A single web observatory is a data repository in which data ON the Web or data ABOUT the Web is collected and in turn made available to other users via portals, interfaces or visualisations and users may in turn add or return data to the Observatory based on their own findings, research or experiences.

Whilst some have argued that only data ABOUT the web (webometrics, cybermetrics, bibliometrics etc) should be considered as a focus for study it seems apparent that as data is put ON the Web the behaviours and responses may be detected in responses from users often through data ABOUT the Web (locations, times, tagging/classification etc ) which are metadata items akin to the metadata held ABOUT library collections and are distinct from the books or artefacts themselves. Thus the argument about data vs meta-data becomes a chicken/egg question of socio-technical effects: does the technical change the social or vice versa?

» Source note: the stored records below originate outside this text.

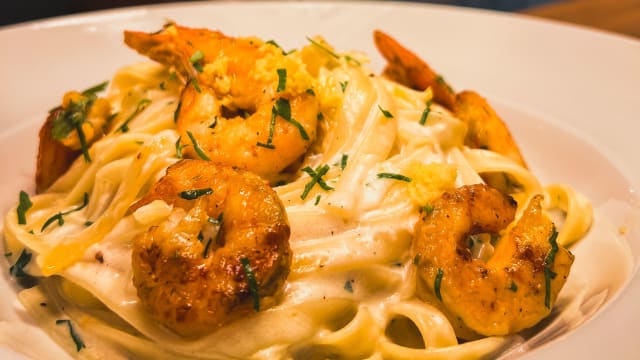 Fettucine de camarão com natas e limão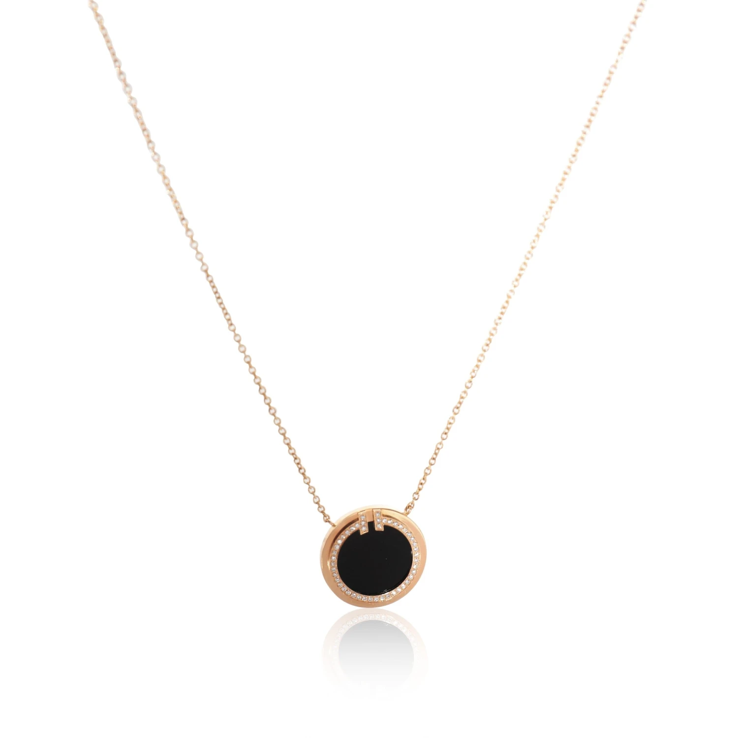 Tiffany & Co. T Black Onyx & Diamond Circle Pendant in 18K Rose Gold 0.05 CTW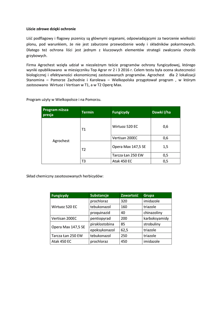 Liście zdrowe dzięki ochronie Liść podflagowy i flagowy pszenicy są głównymi organami, odpowiadającymi za tworzenie wielkości plonu, pod warunkiem, że nie jest zaburzone przewodzenie wody i składników pokarmowych. Dlatego też ochrona liści jest jednym z kluczowych elementów strategii zwalczania chorób grzybowych. Firma Agrochest wzięła udział w niezależnym teście programów ochrony fungicydowej, którego wyniki opublikowano w miesięczniku Top Agrar nr 2 i 3 2016 r. Celem testu była ocena skuteczności biologicznej i efektywności ekonomicznej zastosowanych programów. Agrochest dla 2 lokalizacji Stanomina – Pomorze Zachodnie i Karolewa – Wielkopolska przygotował program , w którym zastosowano Wirtuoz i Vertisan w T1, a w T2 Operę Max. Program użyty w Wielkopolsce i na Pomorzu. Program niższa presja Termin T1 Agrochest T2 T3 Fungicydy Dawki l/ha Wirtuoz 520 EC 0,6 Vertisan 200EC 0,6 Opera Max 147,5 SE 1,5 Tarcza Łan 250 EW Atak 450 EC 0,5 0,5 Skład chemiczny zasotosowanych herbicydów: Fungicydy Wirtuoz 520 EC Vertisan 200EC Opera Max 147,5 SE Tarcza Łan 250 EW Atak 450 EC Substancje prochloraz tebukonazol proquinazid pentiopyrad piraklostobina epoksykonazol tebukonazol prochloraz Zawartość 320 160 40 200 85 62,5 250 450 Grupa imidazole triazole chinazoliny karboksyamidy strobuliny triazole triazole imidazole Fungicydy użyte w przeprowadzonych próbach do ochrony liścia flagowego (T2) Wyniki sktuteczności programów przedstawiają się nastepująco. Plonowanie pszenicy w Wielkopolsce (Karolew) Wyniki masy tysiąca ziaren. Autorski program Agrochestu oparty zarówno o starsze związki chemiczne – triazole i imidazol jak i najnowsze z grupy karboksyamidów i strobiluryn skutkował zwiększeniem plonowania w obu lokalizacjach oraz znaczną poprawą parametrów jakościowych. Dziękujemy Redakcji TopAgrar oraz pani dr Zuzannie Sawińskiej z Uniwersytetu Przyrodniczego w Poznaniu za możliwość udziału w teście, który pozwolił ocenić nasz program na tle innych rozwiązań polecanych rolnikom. Źródło: Top Agrar nr 2/3 , 2016 r.

One of the key challenges around the curation of so much data across so many perspectives is to encourage a reduction of waste/repetition so that data gathered by Observatory A may be discovered and re-used/re-purposed by Observatory B. We are looking forward to a collection of interoperating observatories that will form the fabric of a World-wide Web Observatory. These many distributed repositories/collections may be based on varied technologies and approaches but we are calling for shared standards of identification, metadata, licensing and collaboration. Such a emergent system may accelerate the efforts of academic researchers by linking publications to underlying research data, notes about usage and methodology and allow the study of hybrid data assets and synthetic artefacts that are available nowhere else.

The pressing need is to co-ordinate the skills of the archivists with the needs of the researchers and the understanding of the technologists into an interdisciplinary view of how the Web could be sampled, preserved and made available as an invaluable tool for current researchers, historians and for future generations.